Agile Database Change Management with dbdeploy
Filed under: database agile java tools
There are 0 comments on this article.
Agile Database Change Management
Most software applications utilize some form of database technology to persist information; with the instructions or commands required to create the database held in SQL scripts. Sometimes these are monolithic scripts containing the complete set of SQL commands to apply or more likely they are a sequence of individual scripts that represent discrete functional areas of the database. The main challenge with database scripting is not coding the individual SQL commands, rather it is in establishing an effective process to apply them. Although there might be one single production (or customer releasable) database instance, there may also be separate test and development instances. Each of these instances will be at a different levels as development and testing progresses and when a change is made in development (to add some new functionality or to fix a problem) considerable care needs to taken to ensure that the complete set of incremental changes is applied between instances. Consequently, making database changes is often seen as a straightforward process however the impacts of not managing the change correctly can conversely be catastrophic.

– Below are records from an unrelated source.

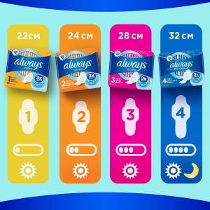 Обеспечьте себе наилучшую защиту с помощью Always Мой размер — специальной системы определения размера, которая помогает правильно подобрать прокладку Always на основании количества выделений и размера трусиков. Оставайтесь под надежной защитой, как бы активно вы ни двигались.
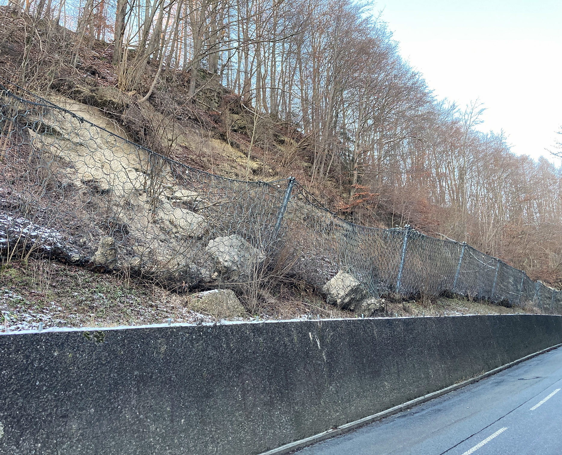 Dass das Anbringen von Steinschlagschutzzäunen ein unerlässliches Instrument zum Schutz vor Felsstürzen ist, kann man sehr eindrucksvoll an der St 2073 im Bereich des Mühlthaler Bergs im Landkreis Miesbach sehen. Gleich zweimal ist es hier zu einem Felssturz gekommen; zuletzt am 1. Weihnachtsfeiertag. Rund 20 Kubikmeter Geröll und Steinbrocken sind dort abgerutscht; dank des dortigen Steinschlagschutzzauns kamen sie oberhalb der Staatsstraße zum Stehen. Grund für den Felssturz war womöglich der sehr rasche Wechsel von Frost und Tauwetter in diesem Winter.
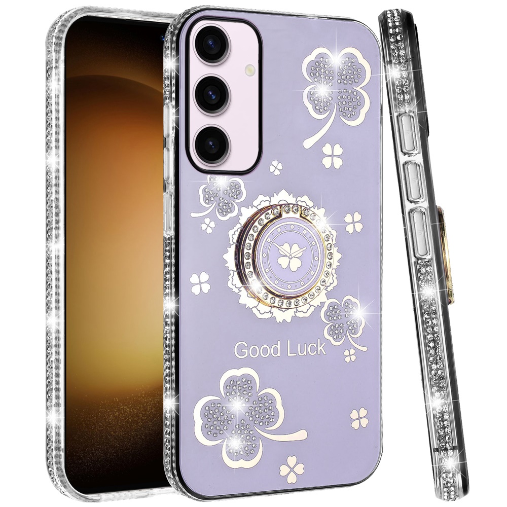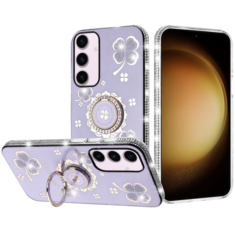 For Samsung S23 Splendid Glitter with Diamonds All Around Edges Ring Stand - Purple
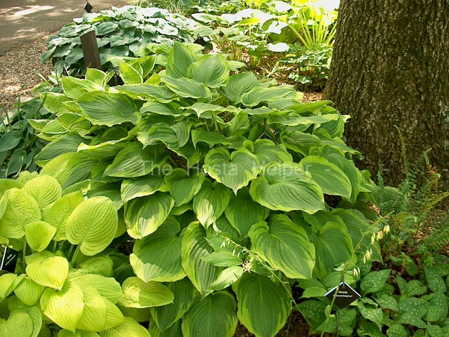 Gold'. The large size (22 inches high by 41 inches wide) plant has thick leaves and near
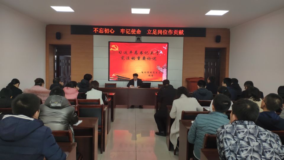 123日,太阳成集团tyc151cc党总支全体党员教职工在工科楼4-203集体开展了“宪法宣传周”活动,由党总支书记周鑫主持,共同学习了习近平总书记关于宪法的重要论述。学习完成后大家进行交流,分享了学习心得。
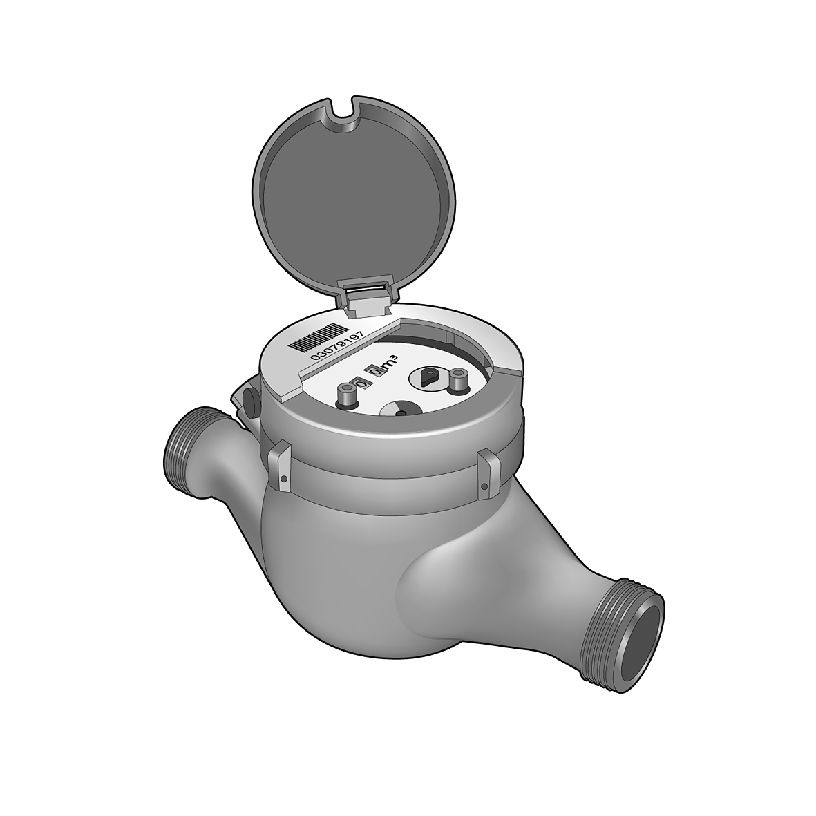 För horisontell montering. Typ våtlöpande vinghjulsmätare med EEG-typgodkännande klass B utan givare.

Agile Database Change Management is set of lightweight but effective processes, backed up by supporting tools, that enables database developers to successfully manage database changes between environments. There are a number of practices in Agile Database Change Management, but the fundamentally important ones can be summarized as follows:
- Implement development sandboxes
Create an individual database instance per developer, together with a development integration, test and production instances that model your deployment environment. - Maintain a database change log
Record the cumulative set of database changes that have been applied to each instance. - Create database delta scripts
Create a script for each individual change, one per DDL (data definition language) statement (i.e. CREATE, ALTER etc) - Use a naming convention for your scripts
Name your scripts according to the sequence that they are to be applied, and the reason why they are being applied. - Version control your scripts
Treat your database scripts as you would your source code. Use your version control repository as your master reference and ongoing development - do not pull database scripts directly from a database instance.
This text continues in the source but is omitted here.